Department of Experimental and Applied Psychology, Vrije Universiteit Amsterdam, Amsterdam, Netherlands.
Institute for Brain and Behavior Amsterdam, Amsterdam, Netherlands.
Elife. 2019 Aug 27;8:e49130. doi: 10.7554/eLife.49130.
The human brain recurrently prioritizes task-relevant over task-irrelevant visual information. A central question is whether multiple objects can be prioritized simultaneously. To answer this, we let observers search for two colored targets among distractors. Crucially, we independently varied the number of target colors that observers anticipated, and the number of target colors actually used to distinguish the targets in the display. This enabled us to dissociate the preparation of selection mechanisms from the actual engagement of such mechanisms. Multivariate classification of electroencephalographic activity allowed us to track selection of each target separately across time. The results revealed only small neural and behavioral costs associated with preparing for selecting two objects, but substantial costs when engaging in selection. Further analyses suggest this cost is the consequence of neural competition resulting in limited parallel processing, rather than a serial bottleneck. The findings bridge diverging theoretical perspectives on capacity limitations of feature-based attention.

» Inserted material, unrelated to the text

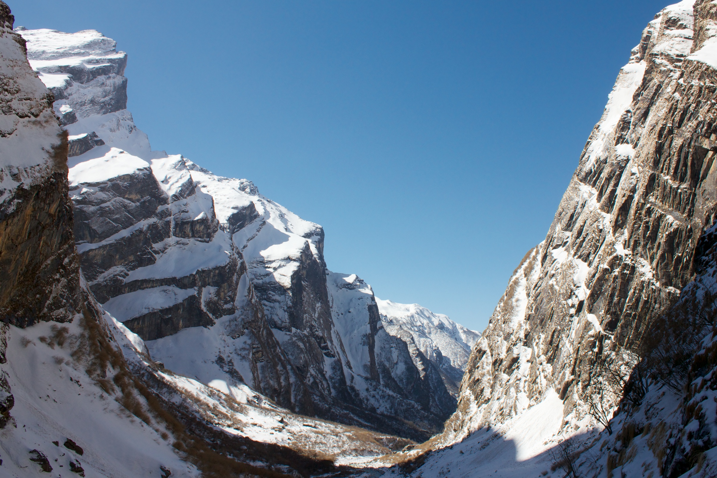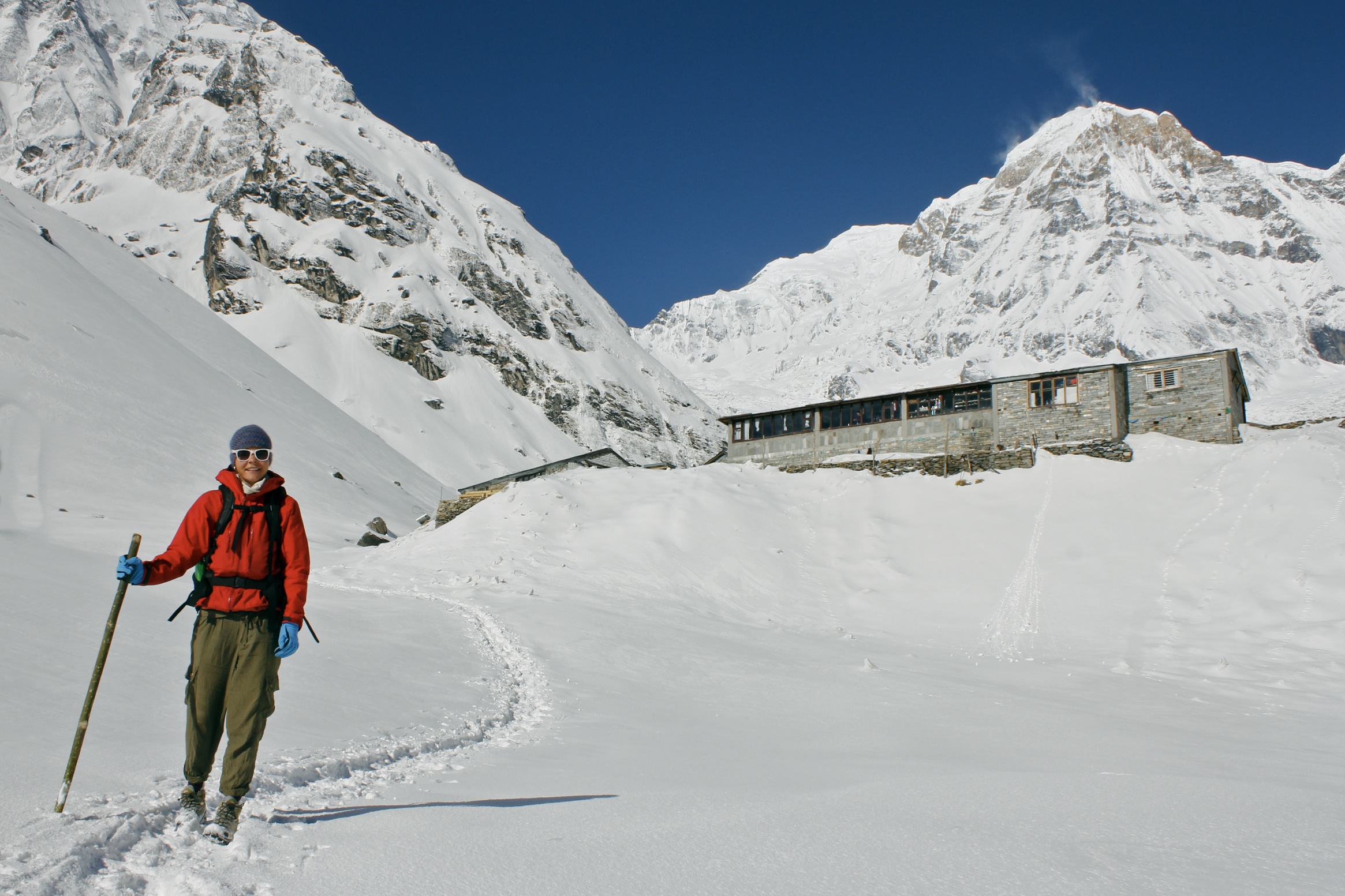 A steady afternoon of descending brings us back to Bamboo and leaves us with a decision… Thanks to an outdated Lonely Planet and the dramatically rising cost of food and accommodation near ABC, we are running low on funds and may not have enough to enjoy the rest of our journey. Not wanting to have to alter our plans, I managed to barter my winter boots for tonights’ room and board for us AND Miriam. Let us make a deal, my friend! This saves us enough cash to be able to finish our trip in style and we plan on heading west towards to the ever-popular Poon Hill.

人类大脑反复优先处理与任务相关的视觉信息,而不是与任务不相关的信息。一个核心问题是是否可以同时优先处理多个对象。为了回答这个问题,我们让观察者在干扰项中搜索两个颜色的目标。至关重要的是,我们独立地改变了观察者预期的目标颜色数量和用于区分显示中目标的目标颜色数量。这使我们能够将选择机制的准备与这些机制的实际参与区分开来。对脑电图活动的多元分类使我们能够在时间上分别跟踪每个目标的选择。结果显示,为选择两个对象做准备所带来的神经和行为成本很小,但在进行选择时会产生很大的成本。进一步的分析表明,这种成本是由于神经竞争导致的有限的并行处理造成的,而不是串行瓶颈造成的。这些发现弥合了基于特征的注意力容量限制的不同理论观点之间的分歧。